Den Tandt is being generous in his assessment. He said this means those reporters were "poorly prepared to cover an event that inherently holds much more human interest than hard news." Human interest doesn't get any street credit these days. It's all about drawing a line in the sand and portraying non-gold medalists as somewhat failures. While I won't say gold isn't the best, it isn't 'the only.' How many of these reporters would have taken on decades in training to compete for a precious few seconds, or minutes? It's easy to speculate with your feet planted firmly on the ground whilst the Olympic-caliber athlete you rip apart jumps a ramp and flips head over heels on skis. Den Tandt goes on to remind readers,

"Aspiring to be the best doesn't mean you're guaranteed to win or that you fail if you don't. The point of the investment is to get you in contention. After that, let the chips fall where they may. That's sport."

 All athletes know this. Not all of us can be gold medalists.
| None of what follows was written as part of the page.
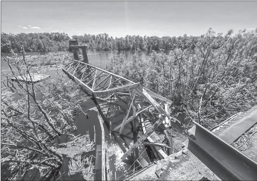
Залишки знищеного автомобільного мосту на дорозі Київ - Чернігів

Розбомблена, понівечена залізна конструкція.
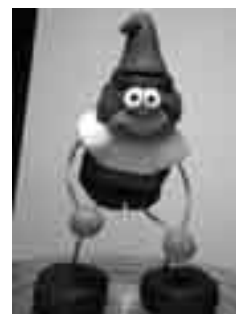
Filferro i ceràmica

That's why there are bronze and silver. To be second, and third, in the world is an incredible accomplishment and I'm proud of all of our Canadian medalists. Sport, as these athletes dedicate their lives to, isn't the one-dimensional soap opera some of these writers and desk jockeys are making it out to be. Shocker - Own the Podium will require many more years of funding to be the great vehicle it's capable of being, just as other countries' programs did. Don't let some second-rate announcer from any country let you forget that, or minimize the accomplishments of our stellar athletes for their own gain.It's interesting, the contrast in behaviours as we get older and turn our attention from what happens right around us to the national stage. Recently on my travels I visited one of Welland's elementary schools to meet a torch bearer who had carried the Olympic torch through Thorold during their relay December 20 and watch the entire school kick off a Friday afternoon of Olympic activities with a Parade of Nations. Each kid represented a country in the gymnasium that was transformed to an Olympic Auditorium. Those kids and their teachers were just happy to be there and honour our athletes. It was an incredibly refreshing reprieve. Here's to teaching generations to come the right way to celebrate the Games. 
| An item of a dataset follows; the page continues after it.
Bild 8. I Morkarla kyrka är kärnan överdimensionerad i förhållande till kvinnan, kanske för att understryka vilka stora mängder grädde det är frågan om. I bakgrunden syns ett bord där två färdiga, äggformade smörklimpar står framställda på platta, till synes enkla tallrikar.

Here are some scenes from the day and the story, published in The Tribune:

Torch bearer Paul Barchiesi got to visit the Olympic stadium Friday, without leaving Niagara.
This stadium was at Welland's St. Augustine Catholic School, and the 'athletes' were not famous sport icons but students, who represented each of the countries at the 2010 Winter Games in a Parade of Nations in the school's gymnasium.
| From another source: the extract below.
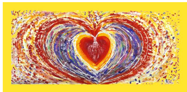
„Wir teilen das sich ausbreitende Herz“
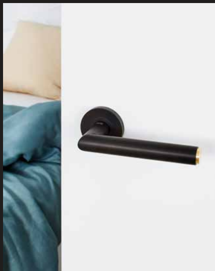
Türdrücker Lucia Select Graphitschwarz/Messing Schraubrossette

Barchiesi, a Port Colborne resident and retired secondary school principal, was a torch bearer in Thorold December 20. He said it was an "honour" to carry the torch in Niagara and spoke of the "Canadian spirit" displayed that day. "Three hundred metres (the distance each torch bearer ran) went by in what seemed like seconds,"
He recalled getting pumped up before his route and "how emotional" he grew as it donned on him how fortunate he and other torch bearers were to have had the opportunity to participate in making history.
Friday's visit to St. Augustine was doubly special for Barchiesi, who was head of the school when current principal Mary Kay Kalagian was a student in 1988. He said it was "wonderful" to be back and that he was pleased to see Kalagian had followed in his footsteps.
For today's students, who could be witnessing a once-in-a-lifetime event in the Winter Games coming to Canada, taking part in a ritual that brings the Olympics closer to them is "very important. I was very fortunate to be able to carry the torch. For me, it's significant. But for the kids, the significance is unbelievable."
During Friday's assembly, he told the young crowd that if the Winter Games "ever come back to Canada, applaud. It's one of those experiences you'll never forget."
Though he was one of 12,000 torch bearers in Canada and met other notable figures who shared the honour, he said the opportunity to speak to St. Augustine students Friday was "more important."
Kalagian praised the "energy" that was displayed by students and staff during the ceremony.
The Parade of Nations was followed by an afternoon of Olympic sports, including bobsledding, curling, hockey, biathlon and other activities.